(Task details)
Could you transcribe the entries below exactly, without any of the pictures?

=== Section Start ===

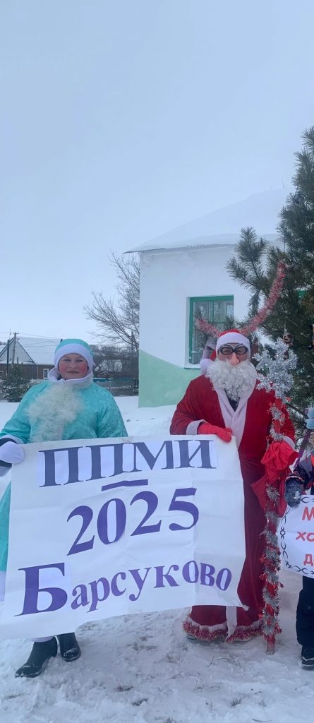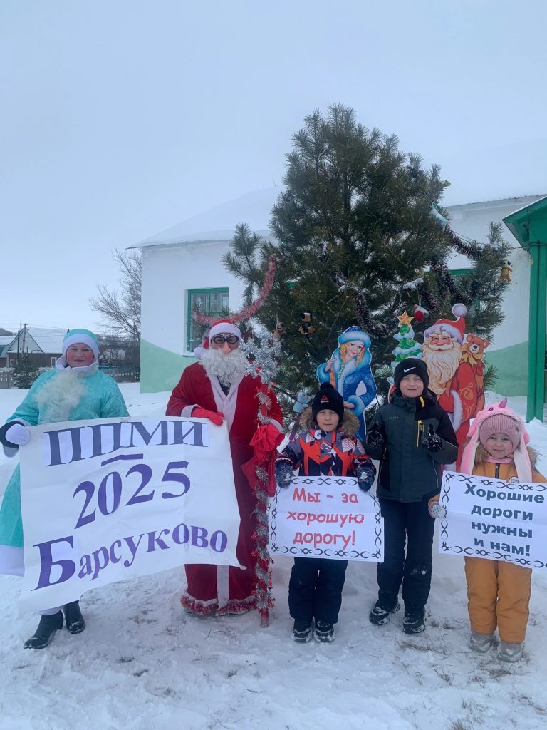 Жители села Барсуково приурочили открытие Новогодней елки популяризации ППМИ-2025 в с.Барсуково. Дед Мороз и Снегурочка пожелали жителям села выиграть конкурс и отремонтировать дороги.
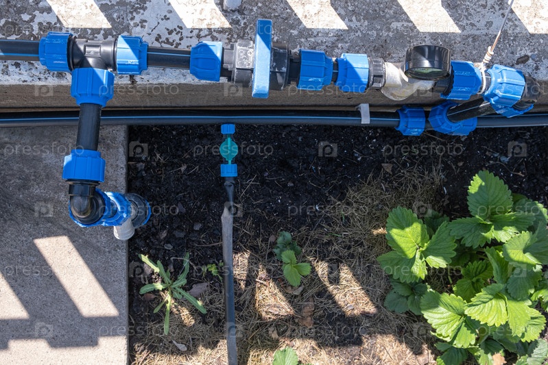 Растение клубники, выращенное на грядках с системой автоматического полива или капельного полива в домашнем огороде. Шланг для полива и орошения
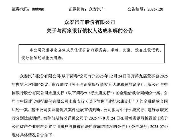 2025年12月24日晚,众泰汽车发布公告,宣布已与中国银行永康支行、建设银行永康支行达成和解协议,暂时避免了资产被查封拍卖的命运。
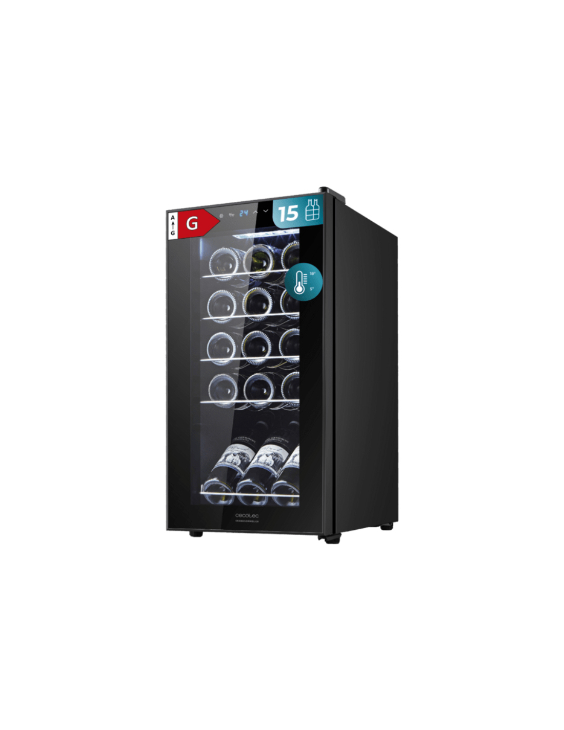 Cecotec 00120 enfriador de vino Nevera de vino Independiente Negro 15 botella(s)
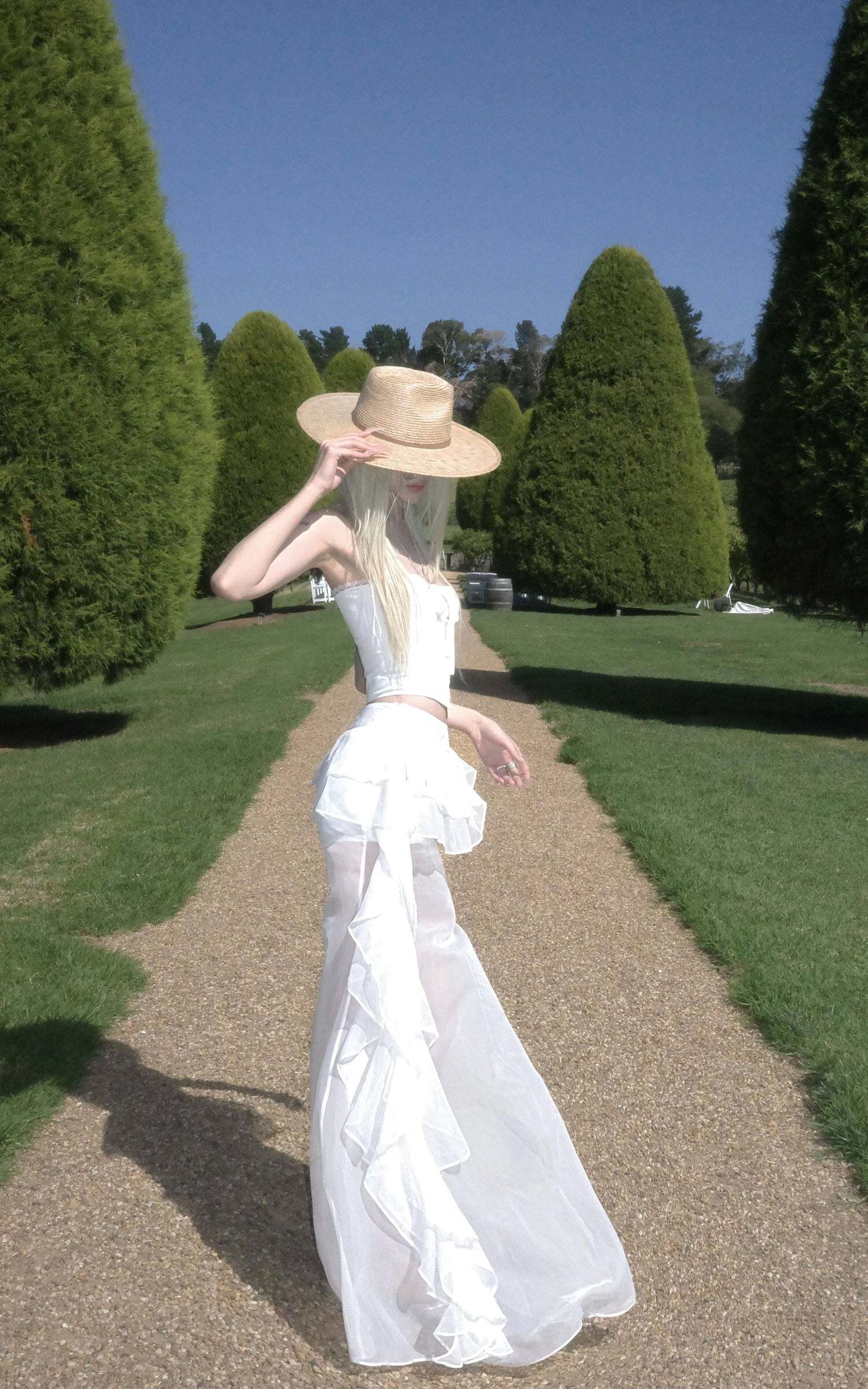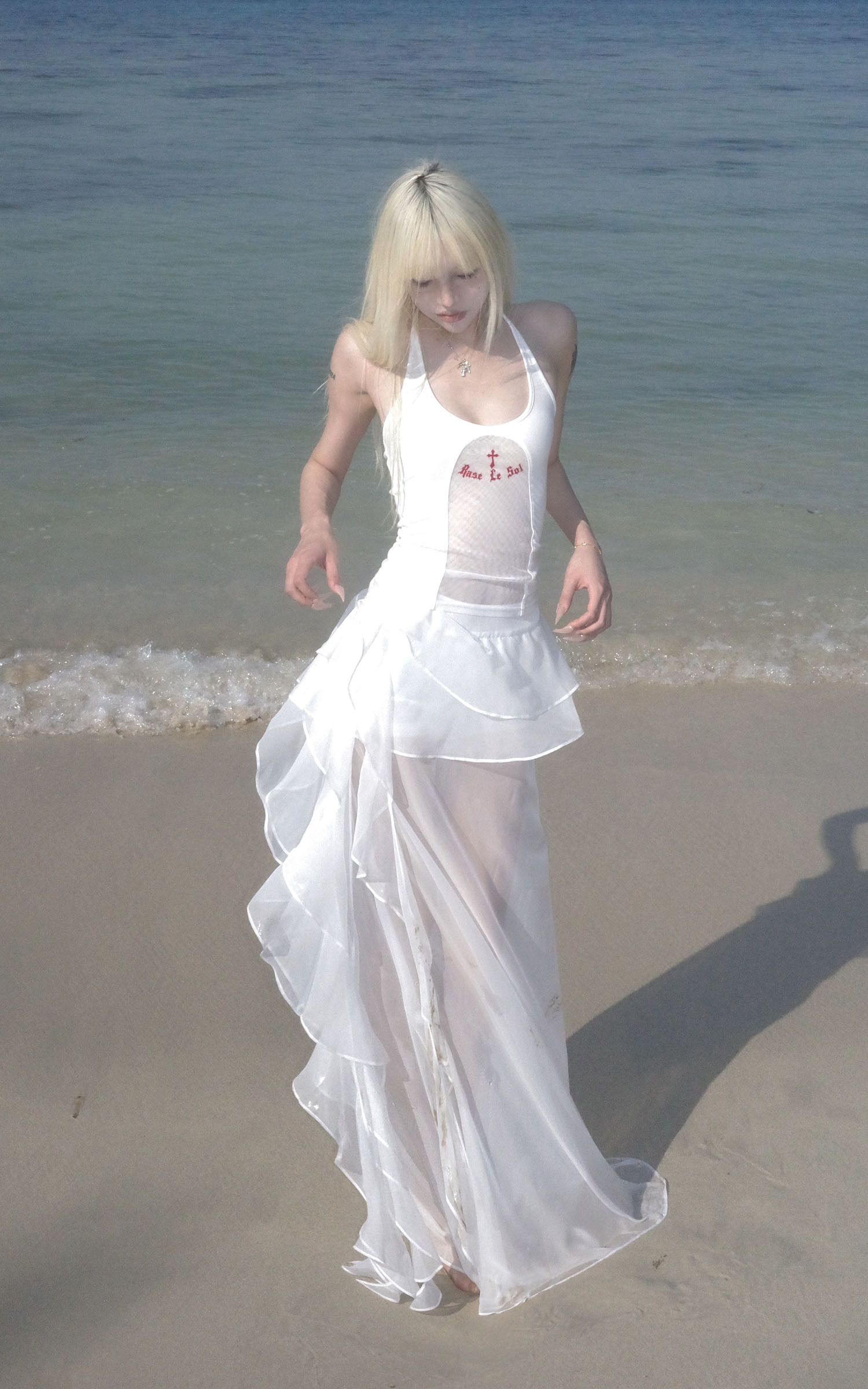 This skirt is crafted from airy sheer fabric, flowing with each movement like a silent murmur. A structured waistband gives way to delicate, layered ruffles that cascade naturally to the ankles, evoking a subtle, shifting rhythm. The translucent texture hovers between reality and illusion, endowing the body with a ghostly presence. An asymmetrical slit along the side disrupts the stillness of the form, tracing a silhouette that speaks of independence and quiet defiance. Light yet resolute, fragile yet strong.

=== Section End ===

(Result for this task)
 Жители села Барсуково приурочили открытие Новогодней елки популяризации ППМИ-2025 в с.Барсуково. Дед Мороз и Снегурочка пожелали жителям села выиграть конкурс и отремонтировать дороги.
 Растение клубники, выращенное на грядках с системой автоматического полива или капельного полива в домашнем огороде. Шланг для полива и орошения
 2025年12月24日晚,众泰汽车发布公告,宣布已与中国银行永康支行、建设银行永康支行达成和解协议,暂时避免了资产被查封拍卖的命运。
 Cecotec 00120 enfriador de vino Nevera de vino Independiente Negro 15 botella(s)
 This skirt is crafted from airy sheer fabric, flowing with each movement like a silent murmur. A structured waistband gives way to delicate, layered ruffles that cascade naturally to the ankles, evoking a subtle, shifting rhythm. The translucent texture hovers between reality and illusion, endowing the body with a ghostly presence. An asymmetrical slit along the side disrupts the stillness of the form, tracing a silhouette that speaks of independence and quiet defiance. Light yet resolute, fragile yet strong.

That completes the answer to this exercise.